After the dissolution of the EAB the government’s approach to public deliberation about issues of significant ethical importance became more obviously tokenistic. Consultations on key ethical issues closed and were responded to without time for the responses received to have been read. Critical issues of data use, with significant ethical implications  – such as the approach to mandatory vaccination, the implications of how Covid deaths were recorded – were decided without proper processes for ethical input and scrutiny. While we sought to offer input to these discussions, the lack of formal structures to receive and respond to this advice meant that it was it was unclear whether and how our advice was used.

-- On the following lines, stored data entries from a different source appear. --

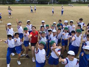 昼休みには、5年生たちと一緒におにごっこもしてくださり、子どもたちはとても大喜びでした。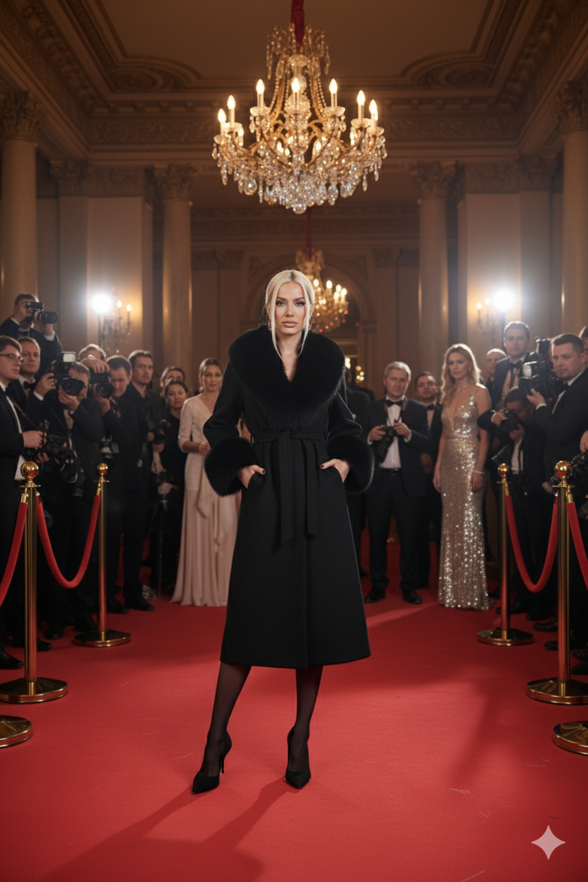 Elegant Wool-Blend Maxi Coat with Belt - Plum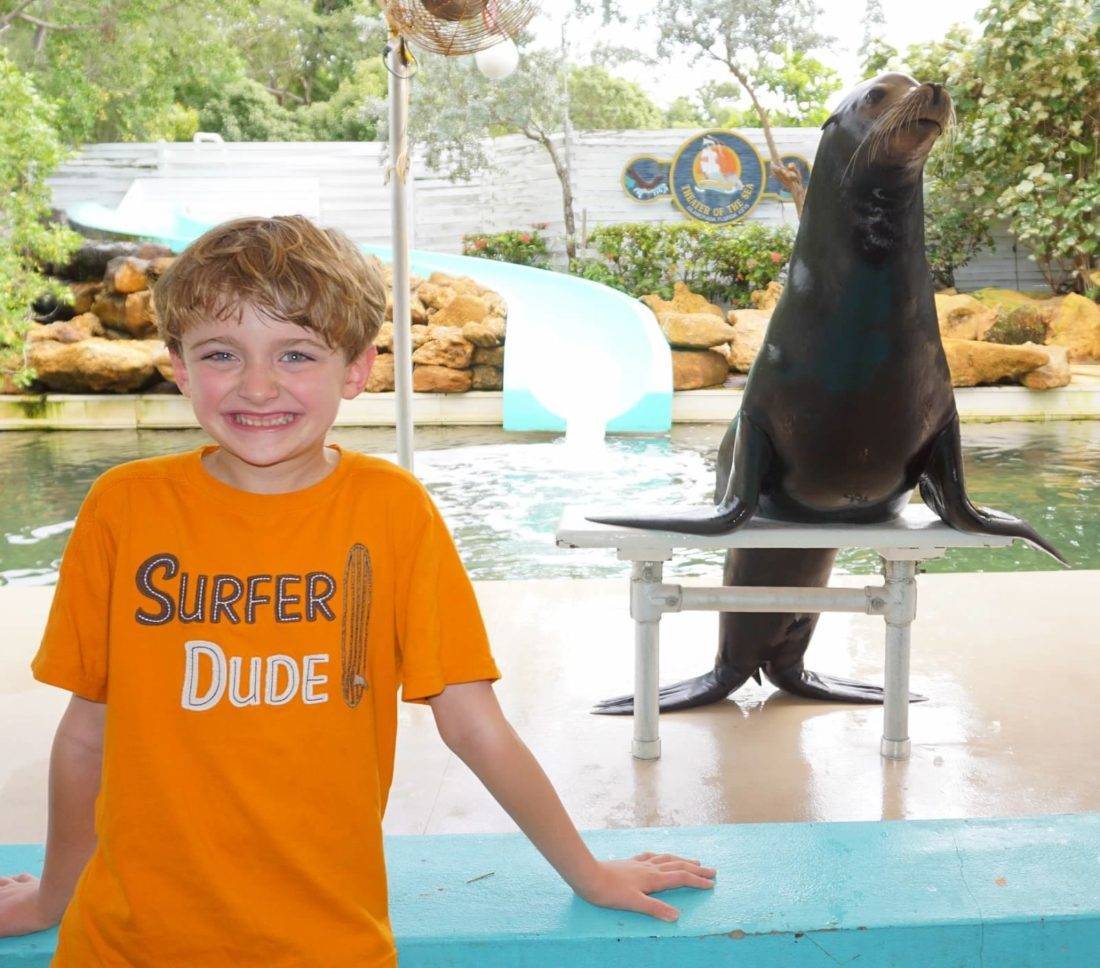 This last trip we also visited Theater of the Sea, which opened in the 1940’s. We saw a show with dolphins and a sea lion with front-row seating which put us not more than 3 feet away from the animals. What kid wouldn’t be in hysterics with a sea lion sticking out its tongue at them? After an ice cream, we donned bathing suits and swam in their Lagoon to hand-feed parrot fish. The Lagoon also houses barracuda, which we only mentioned to our son after he was out of the water.

Preparing for future pandemics will mean addressing the gaps in our ethics infrastructures. Structures for emergency data ethics need to be developed, and means of ensuring they are followed, need to be created. To meet the challenges of future pandemics such structures need to take account of how the sense of objectivity and therefore the authority to act are coproduced by data and political arrangements; the effect of data gaps in creating vulnerabilities; and a mechanism for structuring ethics thinking to look at the timescale of the pandemic and to consider the conditions under which the emergency will have ended and when normal regulations should once again apply.

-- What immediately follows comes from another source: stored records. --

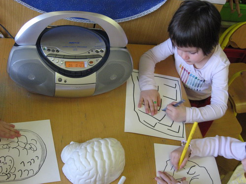 Vsi smo mnenja, da slednja glasba prija našim možganom. Odločimo se, da se bomo danes igrali ob glasbi. Eni otroci sestavljajo sestavljanke, drugi se igrajo družabno igrico, spet tretji ob poslušanju glasbe likovno ustvarjajo. Ne morem reči, da so likovne ali umske sposobnosti otrok ob poslušanju glasbe večje ali manjše, ker to ni v našem primeru merljivo, vendar pa so otroci neprimerno bolj umirjeni, spravljivi v svojih odnosih, tihi in vztrajni.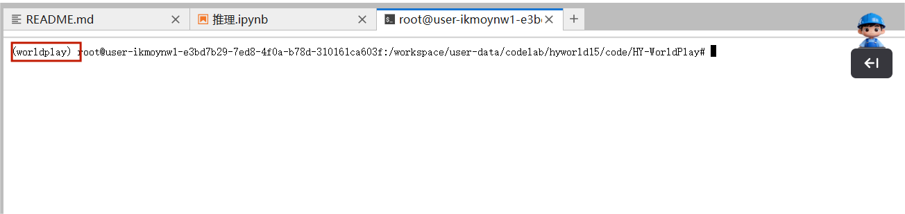 进入项目页面后,打开 code 文件夹下的推理.ipynb 文件。在终端中激活所需环境,执行命令 conda activate worldplay,出现下图即成功激活。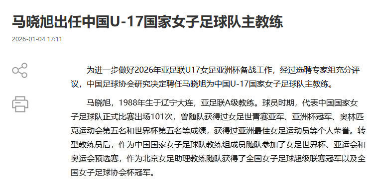 中国足协在公告中说:“为进一步做好2026年亚足联U17女足亚洲杯备战工作,经过选聘专家组充分评议,中国足球协会研究决定聘任马晓旭为中国U17国家女子足球队主教练。”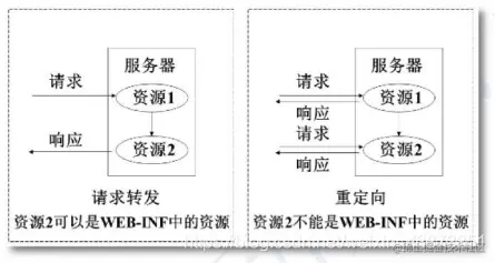 注意,对于请求转发的页面,可以是WEB-INF中页面;而重定向的页面,是不能为WEB-INF 中页的。因为重定向相当于用户再次发出一次请求,而用户是不能直接访问WEB-INF中资 源的。

In our forthcoming paper considering the role of ethical advisers in pandemic contexts, we argue that we need longer term work to build an effective infrastructure for ethical advice, and that doing this will require us to resolve questions around the roles we want ethical advisors to play. However, we argue that the failures to meaningfully engage with ethical issues during this pandemic should not be taken as an indication that this work would never be possible – indeed open engagement with ethical complexities and work to balance different values are not only core to the standards set out in the Nolan Principles but also fundamental to the basic norms of democratic government. Our work suggests that there is much to be done to ensure that we are prepared for future pandemics.